» Data excerpts:
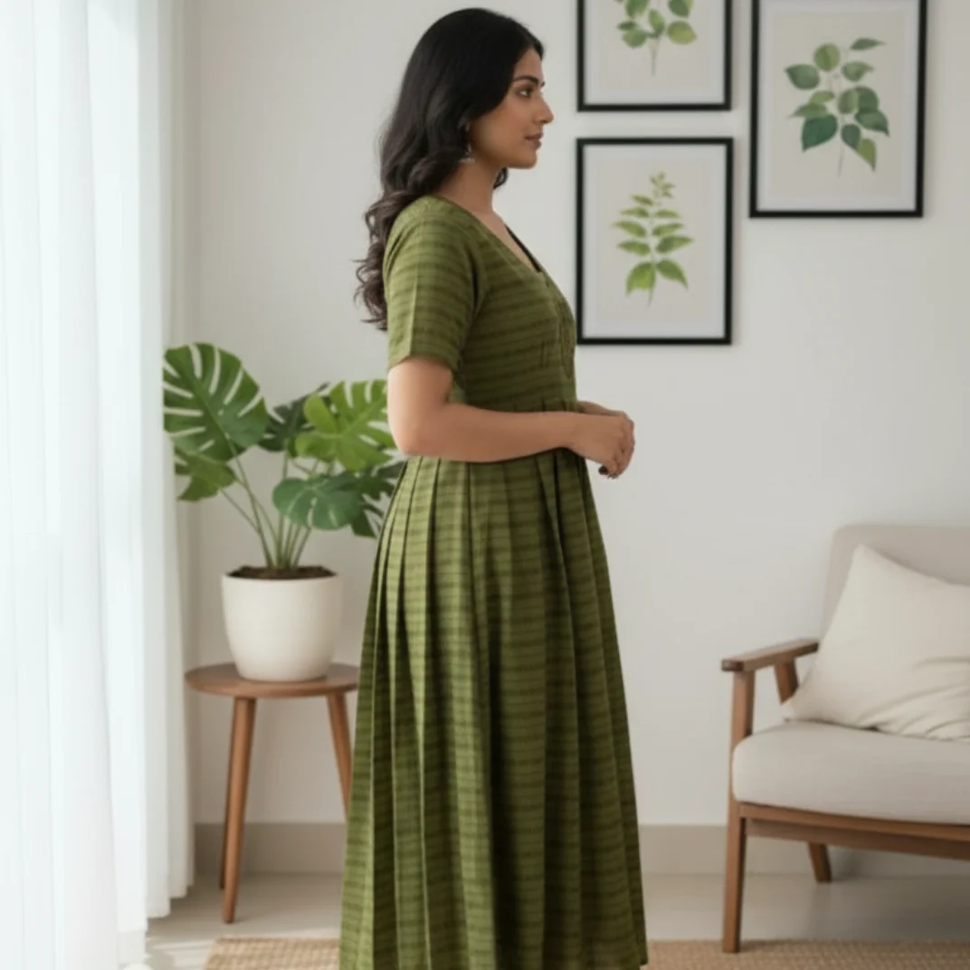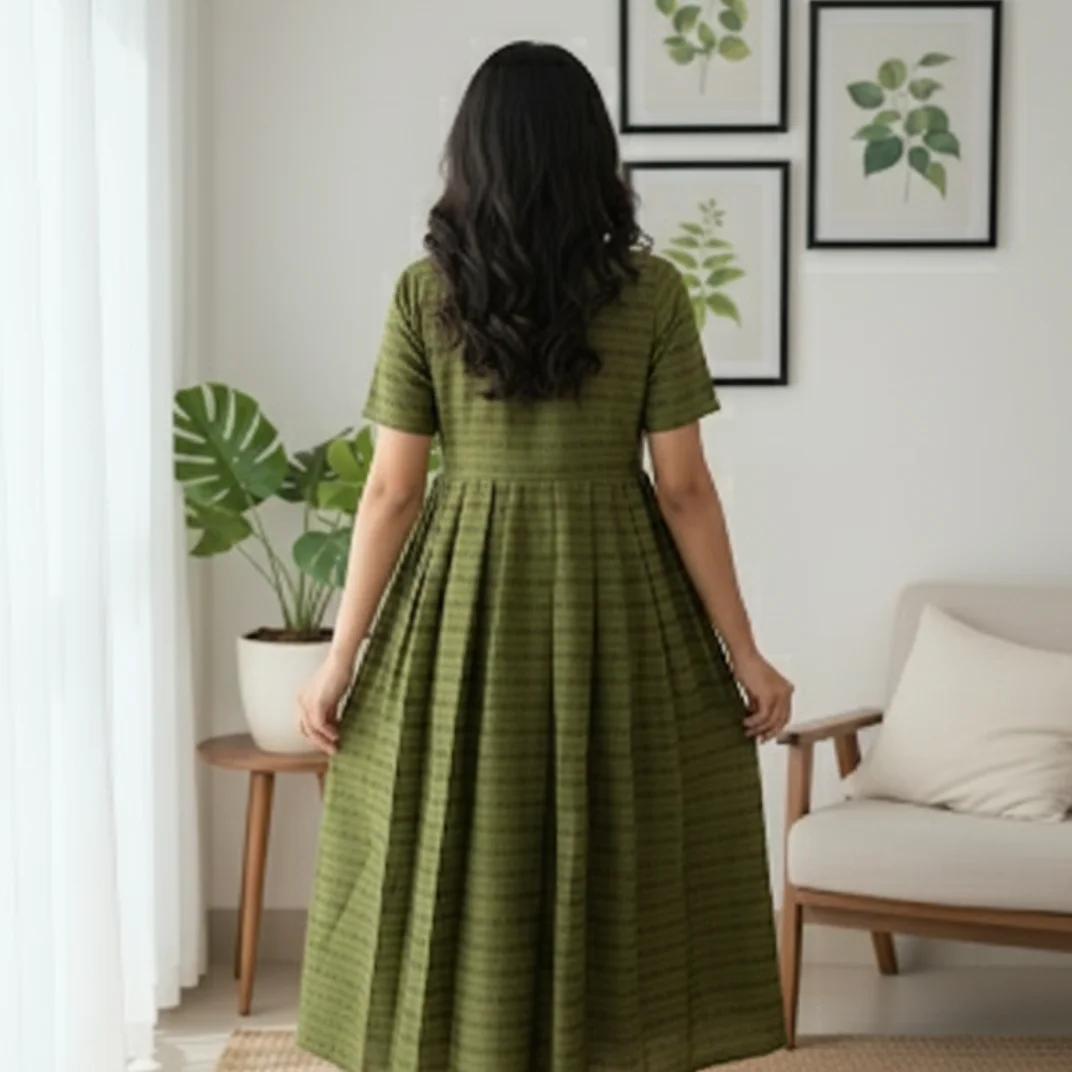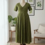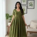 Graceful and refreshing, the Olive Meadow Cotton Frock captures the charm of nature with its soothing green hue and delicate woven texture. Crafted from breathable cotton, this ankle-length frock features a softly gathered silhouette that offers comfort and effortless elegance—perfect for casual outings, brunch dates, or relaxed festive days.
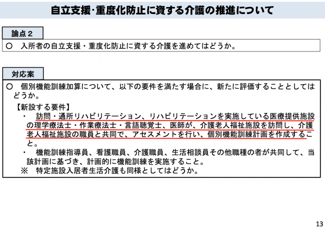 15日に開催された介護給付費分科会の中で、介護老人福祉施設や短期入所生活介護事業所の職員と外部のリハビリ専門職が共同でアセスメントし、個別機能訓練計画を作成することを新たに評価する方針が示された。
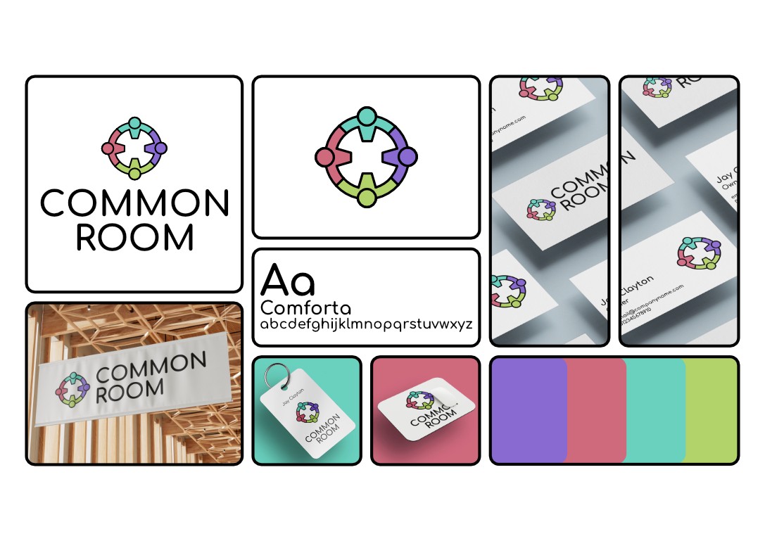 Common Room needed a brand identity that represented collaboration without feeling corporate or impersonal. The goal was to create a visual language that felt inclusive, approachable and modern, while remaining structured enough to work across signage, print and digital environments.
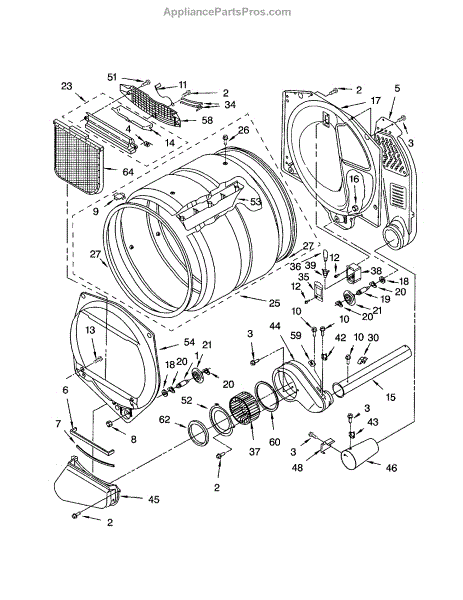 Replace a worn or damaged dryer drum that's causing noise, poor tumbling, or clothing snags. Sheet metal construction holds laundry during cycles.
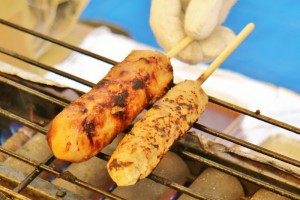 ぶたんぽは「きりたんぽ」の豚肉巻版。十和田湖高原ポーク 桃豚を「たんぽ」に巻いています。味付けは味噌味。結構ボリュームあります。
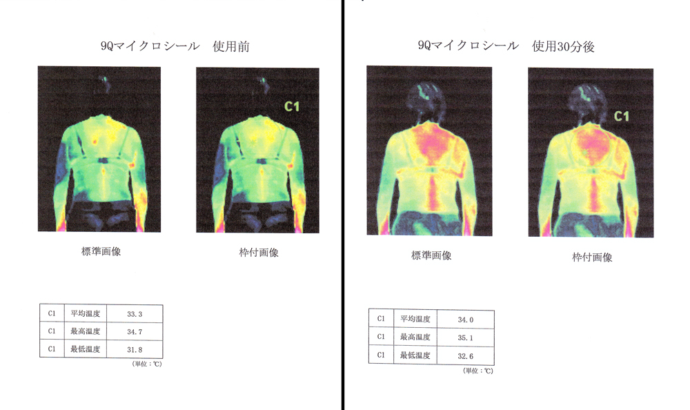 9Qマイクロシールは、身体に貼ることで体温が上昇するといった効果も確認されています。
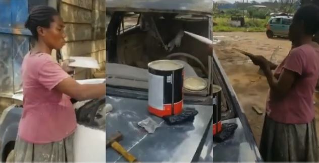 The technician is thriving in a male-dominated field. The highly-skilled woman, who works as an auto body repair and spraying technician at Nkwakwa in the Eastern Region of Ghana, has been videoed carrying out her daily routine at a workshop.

» Aim of the task:
Now transcribe the lines above exactly, starting at the line containing "Replace a worn" and ending at the line containing "9Qマイクロシールは、身体に", both lines included, pictures excluded.

» Completed exercise:
 Replace a worn or damaged dryer drum that's causing noise, poor tumbling, or clothing snags. Sheet metal construction holds laundry during cycles.
 ぶたんぽは「きりたんぽ」の豚肉巻版。十和田湖高原ポーク 桃豚を「たんぽ」に巻いています。味付けは味噌味。結構ボリュームあります。
 9Qマイクロシールは、身体に貼ることで体温が上昇するといった効果も確認されています。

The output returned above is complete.